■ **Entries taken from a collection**
=-=-=

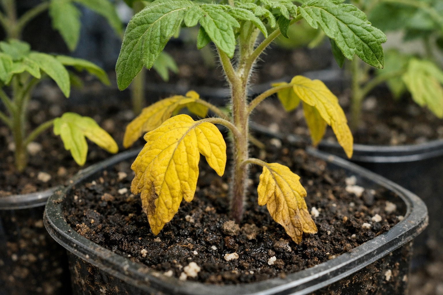 Μια μυστική απόχρωση: αν το κιτρίνισμα ξεκινά από τα χαμηλότερα φύλλα και η κορυφή είναι αφύσικα σκούρα πράσινη και κατσαρώνει προς τα μέσα, αυτό είναι 100% ένδειξη δηλητηρίασης από αμμωνία και όχι έλλειψη φωτός.
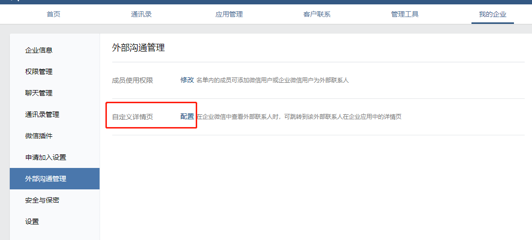 注意配置入口是在企业管理端--外部沟通管理--自定义详情页)
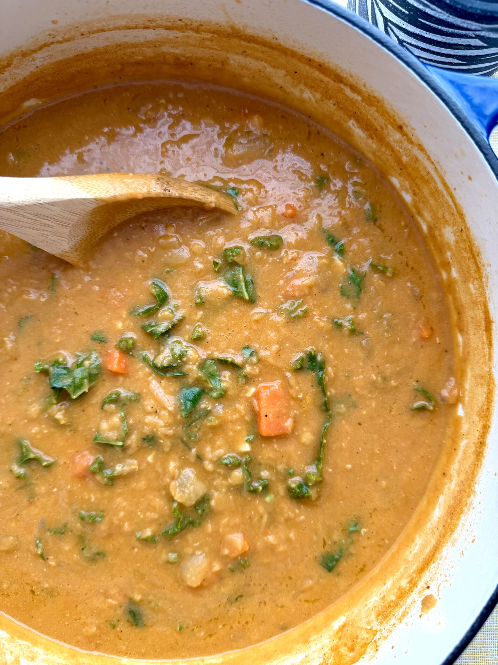 Naturally creamy red lentil soup with caramelized tomato paste, cumin, carrots, and kale—finished with lemon and cilantro for a bright, energizing bowl.
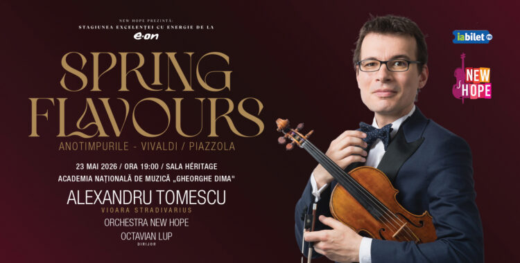 Orchestra New Hope revine în fața publicului clujean cu un nou eveniment de referință, concertul Spring Flavours, care va avea loc în 23 mai 2026, de la ora 19:00, la Sala Héritage a Academiei de Muzică „Gheorghe Dima”. Sub conducerea dirijorului Octavian Lup, concertul îl aduce ca invitat special pe violonistul Alexandru Tomescu, unul dintre cei mai apreciați muzicieni români ai momentului, cunoscut pentru prezențele sale pe scene importante precum Carnegie Hall sau Théâtre des Champs-Élysées.
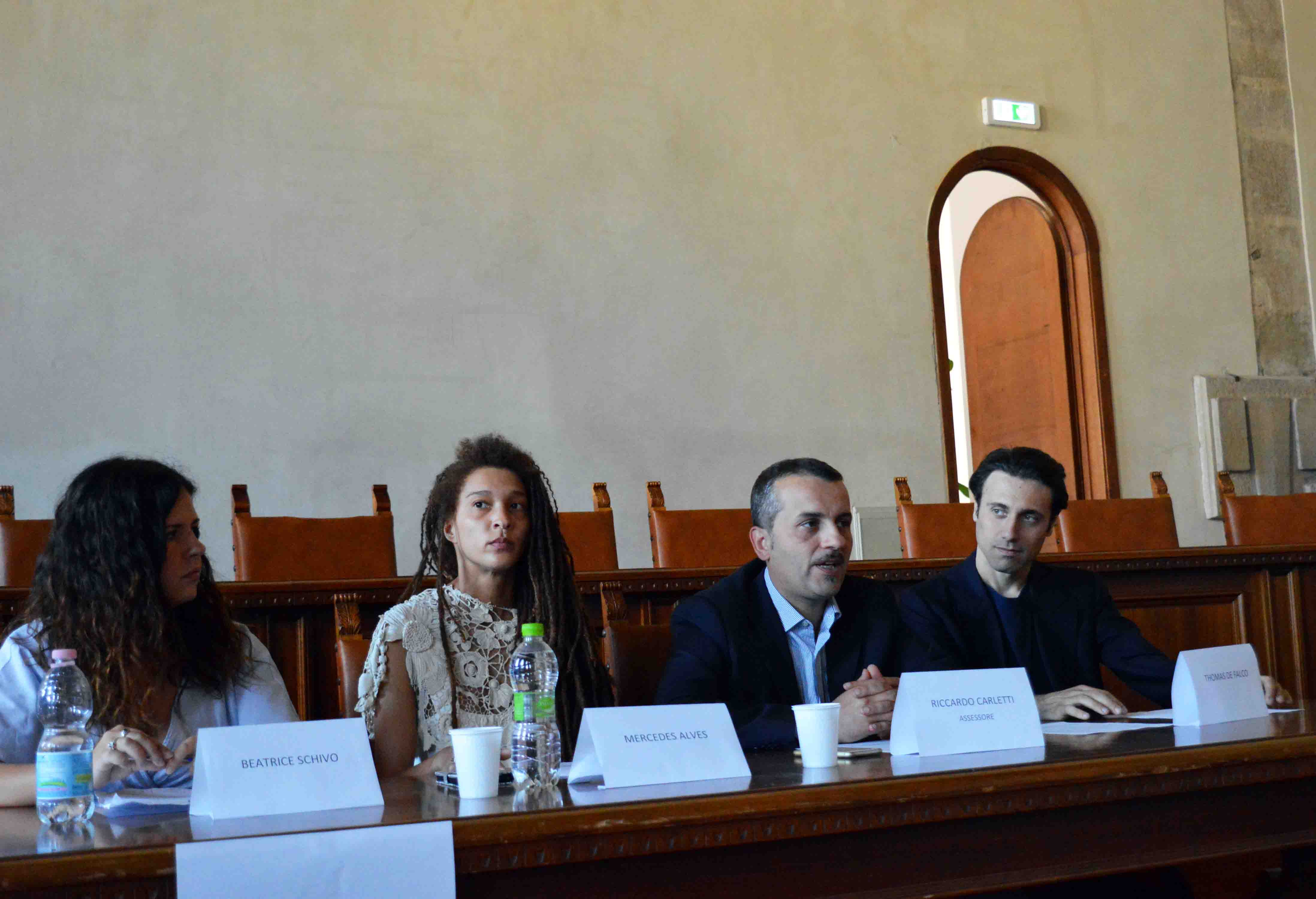 Nel dettaglio tra i due imponenti pilastri ottagonali che sostengono le volte dell’atrio, si troveranno due soggetti, un uomo e una donna. Alla donna, la performer Merceds Alves, presente in conferenza stampa, saranno collegati lunghi wrapping che dai capelli si prolungheranno verso l’alto dell’architettura, mentre dalle mani e dalle braccia del soggetto maschile si estenderà una grande radice di scultura tessile sulla pavimentazione dell’atrio. I due performer, inizialmente rigorosamente immobili e ad occhi chiusi, si muoveranno impercettibilmente nello spazio scultoreo, congiungersi tramite i wrapping all’antica architettura. Questa materia tessile, che dà corpo all’installazione, è protagonista fondamentale della performance e mezzo che l’artista usa per “dare vita e parola alla materia”. In questo lavoro De Falco affronta il tema dell’incomunicabilità, intesa nel suo significato più universale. La performance sarà accompagnata da Tiziana Fiorucci al sax, Alessio Pigolotti alla chitarra, Alessia Martinelli al vibrafono.
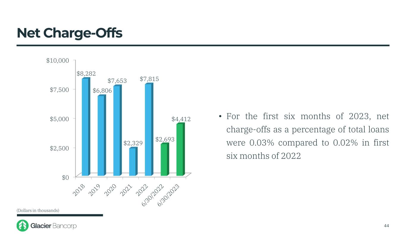 $0 $5,000 $10,000 $15,000 $20,000 $25,000 $30,000 $35,000 $40,000 $45,000 $9,953 $57 $39,765 $23,076 $19,963 $5,498 $8,243 • Loan portfolio growth, composition, average loan size, credit quality considerations, economic forecasts and other environmental factors will determine the future level of credit loss expense or benefit 43 Provision For Credit Losses (Dollars in thousands)
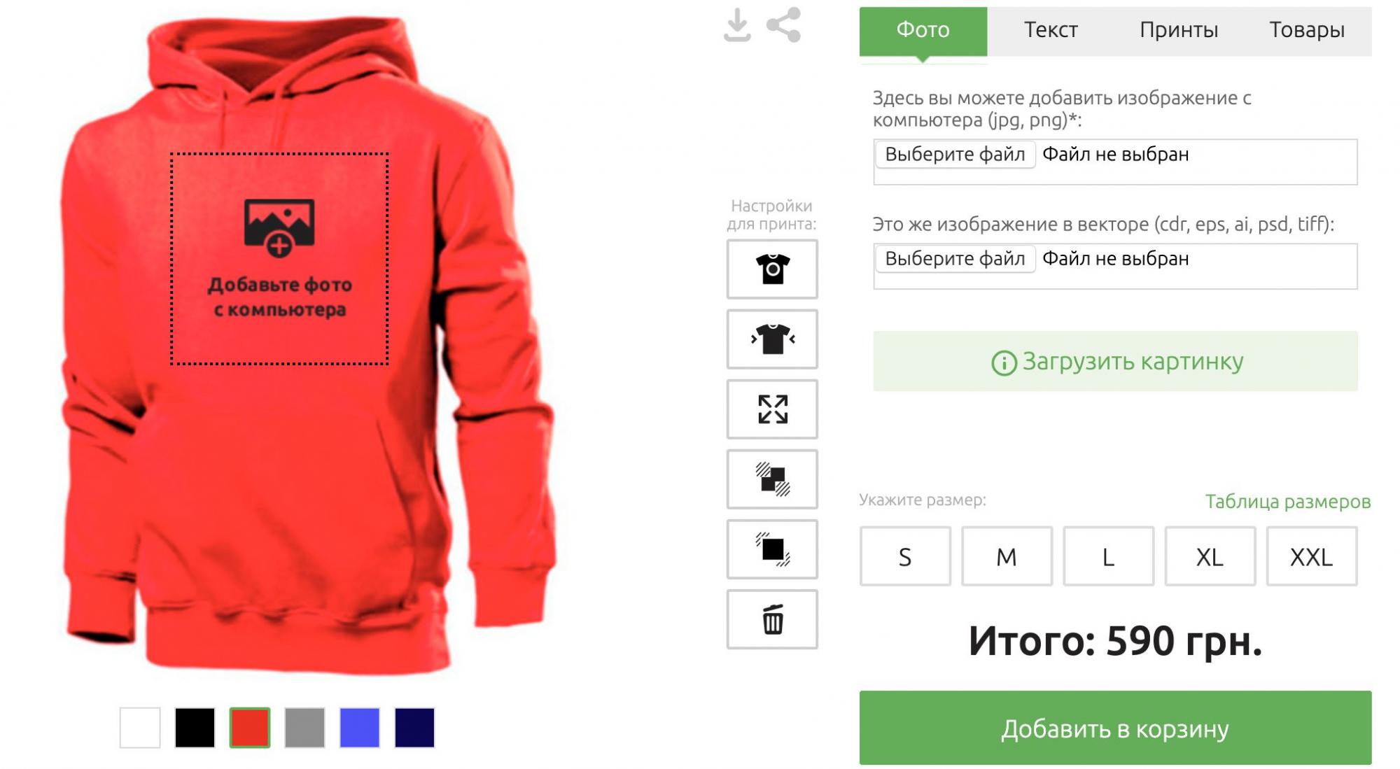 - загружаете свое изображение (подходит jpg или png) / или пишете свой текст, который потом отобразится на толстовке / или выбираете принт из предложенного FatLine;
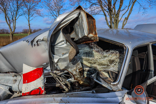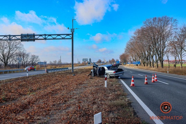 По предварительной информации, автомобиль двигался в сторону Кривого Рога. Водитель не справился с управлением и протаранил ограждение. Он пострадал, его увезла скорая.
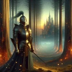 «A knight in ornate armor standing in a sunlit forest clearing, s...»
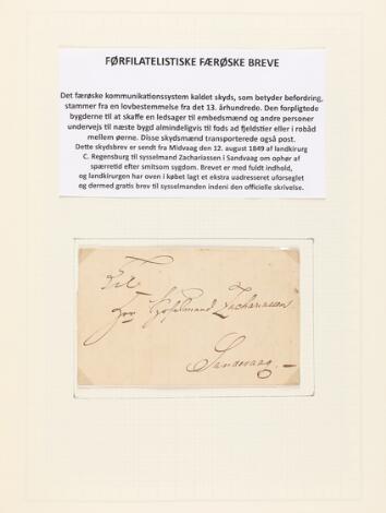 Færøerne. 1849-1945. Velbesat samling i Leuchtturmalbum. Indeholder bl.a. sjældent brev fra Midvaag til Sandevaag i 1849 med fuldt indhold, brev fra Tveraa 1858

=-=-=

Copy each line above precisely, dropping the pictures.

 Μια μυστική απόχρωση: αν το κιτρίνισμα ξεκινά από τα χαμηλότερα φύλλα και η κορυφή είναι αφύσικα σκούρα πράσινη και κατσαρώνει προς τα μέσα, αυτό είναι 100% ένδειξη δηλητηρίασης από αμμωνία και όχι έλλειψη φωτός.
 注意配置入口是在企业管理端--外部沟通管理--自定义详情页)
 Naturally creamy red lentil soup with caramelized tomato paste, cumin, carrots, and kale—finished with lemon and cilantro for a bright, energizing bowl.
 Orchestra New Hope revine în fața publicului clujean cu un nou eveniment de referință, concertul Spring Flavours, care va avea loc în 23 mai 2026, de la ora 19:00, la Sala Héritage a Academiei de Muzică „Gheorghe Dima”. Sub conducerea dirijorului Octavian Lup, concertul îl aduce ca invitat special pe violonistul Alexandru Tomescu, unul dintre cei mai apreciați muzicieni români ai momentului, cunoscut pentru prezențele sale pe scene importante precum Carnegie Hall sau Théâtre des Champs-Élysées.
 Nel dettaglio tra i due imponenti pilastri ottagonali che sostengono le volte dell’atrio, si troveranno due soggetti, un uomo e una donna. Alla donna, la performer Merceds Alves, presente in conferenza stampa, saranno collegati lunghi wrapping che dai capelli si prolungheranno verso l’alto dell’architettura, mentre dalle mani e dalle braccia del soggetto maschile si estenderà una grande radice di scultura tessile sulla pavimentazione dell’atrio. I due performer, inizialmente rigorosamente immobili e ad occhi chiusi, si muoveranno impercettibilmente nello spazio scultoreo, congiungersi tramite i wrapping all’antica architettura. Questa materia tessile, che dà corpo all’installazione, è protagonista fondamentale della performance e mezzo che l’artista usa per “dare vita e parola alla materia”. In questo lavoro De Falco affronta il tema dell’incomunicabilità, intesa nel suo significato più universale. La performance sarà accompagnata da Tiziana Fiorucci al sax, Alessio Pigolotti alla chitarra, Alessia Martinelli al vibrafono.
 $0 $5,000 $10,000 $15,000 $20,000 $25,000 $30,000 $35,000 $40,000 $45,000 $9,953 $57 $39,765 $23,076 $19,963 $5,498 $8,243 • Loan portfolio growth, composition, average loan size, credit quality considerations, economic forecasts and other environmental factors will determine the future level of credit loss expense or benefit 43 Provision For Credit Losses (Dollars in thousands)
 - загружаете свое изображение (подходит jpg или png) / или пишете свой текст, который потом отобразится на толстовке / или выбираете принт из предложенного FatLine;
 По предварительной информации, автомобиль двигался в сторону Кривого Рога. Водитель не справился с управлением и протаранил ограждение. Он пострадал, его увезла скорая.
 «A knight in ornate armor standing in a sunlit forest clearing, s...»
 Færøerne. 1849-1945. Velbesat samling i Leuchtturmalbum. Indeholder bl.a. sjældent brev fra Midvaag til Sandevaag i 1849 med fuldt indhold, brev fra Tveraa 1858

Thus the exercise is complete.